Anyone can already generate proprietary code that is identical to your GitHub project's code just using copy and paste.
For people that care to respect copyright, there's a copilot setting to block exact copies of code in the training set (which only happens a tiny percentage of the time, unless you're actually trying to make it happen).
For people that don't care to respect copyright, git clone is a way more efficient way to violate your license.
> “If you look at the GitHub Terms of Service, no matter what license you use, you give GitHub the right to host your code and to use your code to improve their products and features,” [Kate] Downing, [an IP lawyer specializing in FOSS compliance] says. “So with respect to code that’s already on GitHub, I think the answer to the question of copyright infringement is fairly straightforward.”
This has some interesting implications – for example, it means I can't mirror somebody else's (open source) code on GitHub without their explicit agreement.
> > “If you look at the GitHub Terms of Service, no matter what license you use, you give GitHub the right to host your code and to use your code to improve their products and features,” [Kate] Downing, [an IP lawyer specializing in FOSS compliance] says. “So with respect to code that’s already on GitHub, I think the answer to the question of copyright infringement is fairly straightforward.”
So any code uploaded by someone other than the copyright holder renders someone liable to be sued for copyright infringement, AFAICS. The only question is whom it makes liable -- the uploader, GitHub (=Microsoft!), or both?
I can see arguments either way: The uploader is clearly infringing by giving away a right that isn't theirs to give. But so is GitHub / Microsoft, for using a "right" they haven't been properly given. So I'm provisionally leaning towards "both".
> I can't mirror somebody else's (open source) code on GitHub without their explicit agreement.
Who is doing the "mirroring" -- you, in uploading the code, or GitHub / Microsoft in actually hosting it, keeping it available for download from their "mirror"[1] site?
___
[1]: Is that even the correct terminology nowadays, when AIUI for lots of projects GitHub is their primary code repository?
So GitHub should immediately take down (and remove from their Copilot learning model!) all *GPL code uploaded by anyone but the ("primary"?) copyright holder.
There's one thing I'm missing from all these discussions and posts: is the generated code even copyrightable? IANAL, but code snippets often fall under the "scènes à faire" doctrine (everybody would do it in a similar way), in which case it's not. https://en.m.wikipedia.org/wiki/Sc%C3%A8nes_%C3%A0_faire
GitHub seems to think it is copyrightable, personally I doubt it is, simply because a human didn't create it and the process it was created by was automatic with no creativity.

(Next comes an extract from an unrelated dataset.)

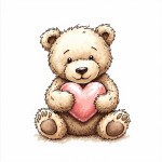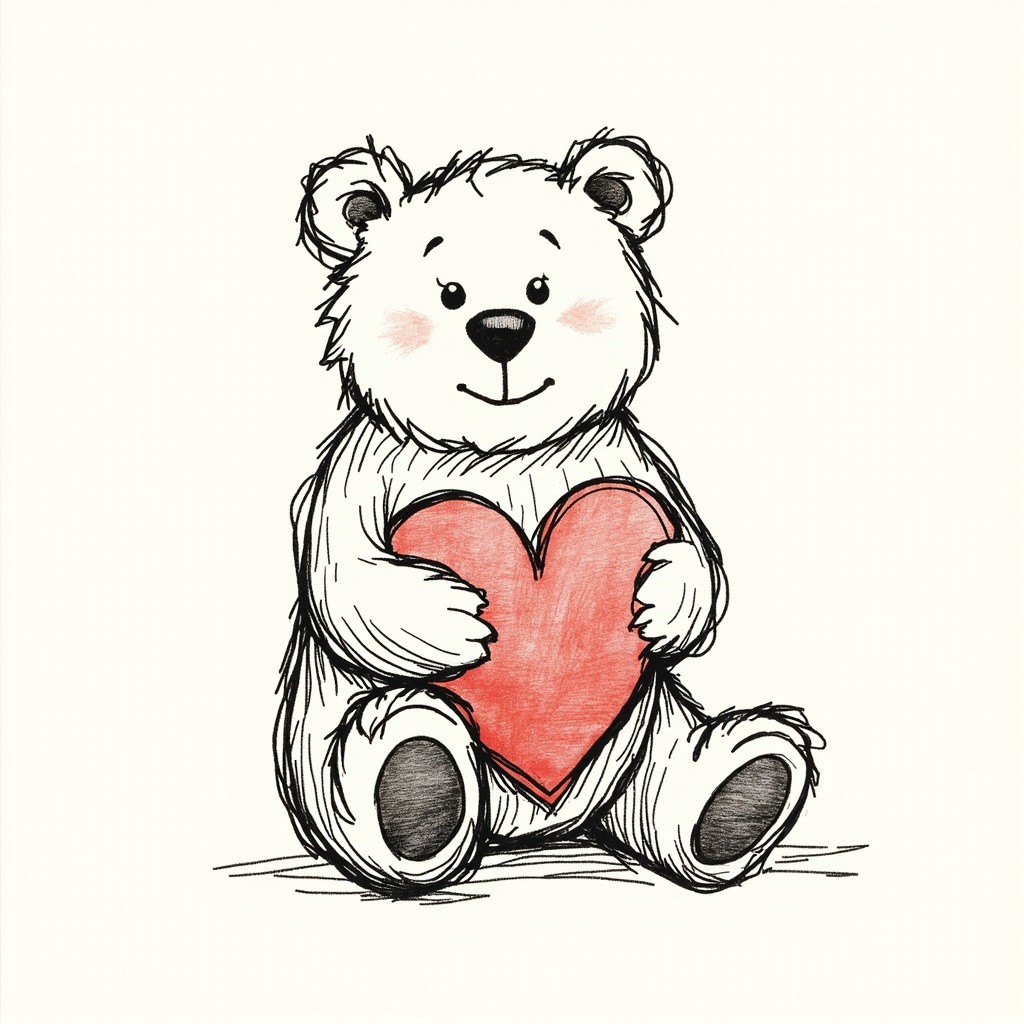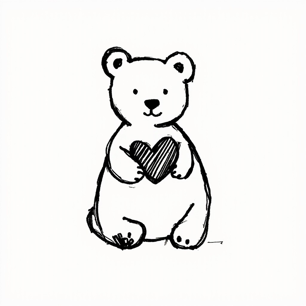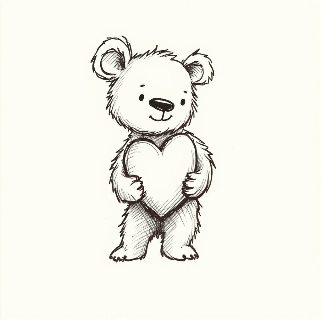 Hand-Drawn Sketch Logo of Bear Holding Heart

Well, if the entire thing was generated, then no (according to the first link I posted above), since it was not produced by a human. However, no useful program is going to be entirely written by an AI, so any real program would have quite a lot of user input (I regularly will take what copilot suggests and then tweak it to what I specifically want). And then, yeah, it's copyrightable.
Also, there's no way for anyone to know what portion of code that I commit was hand written vs. generated, so you kind of have to treat it all as written by the committer anyway.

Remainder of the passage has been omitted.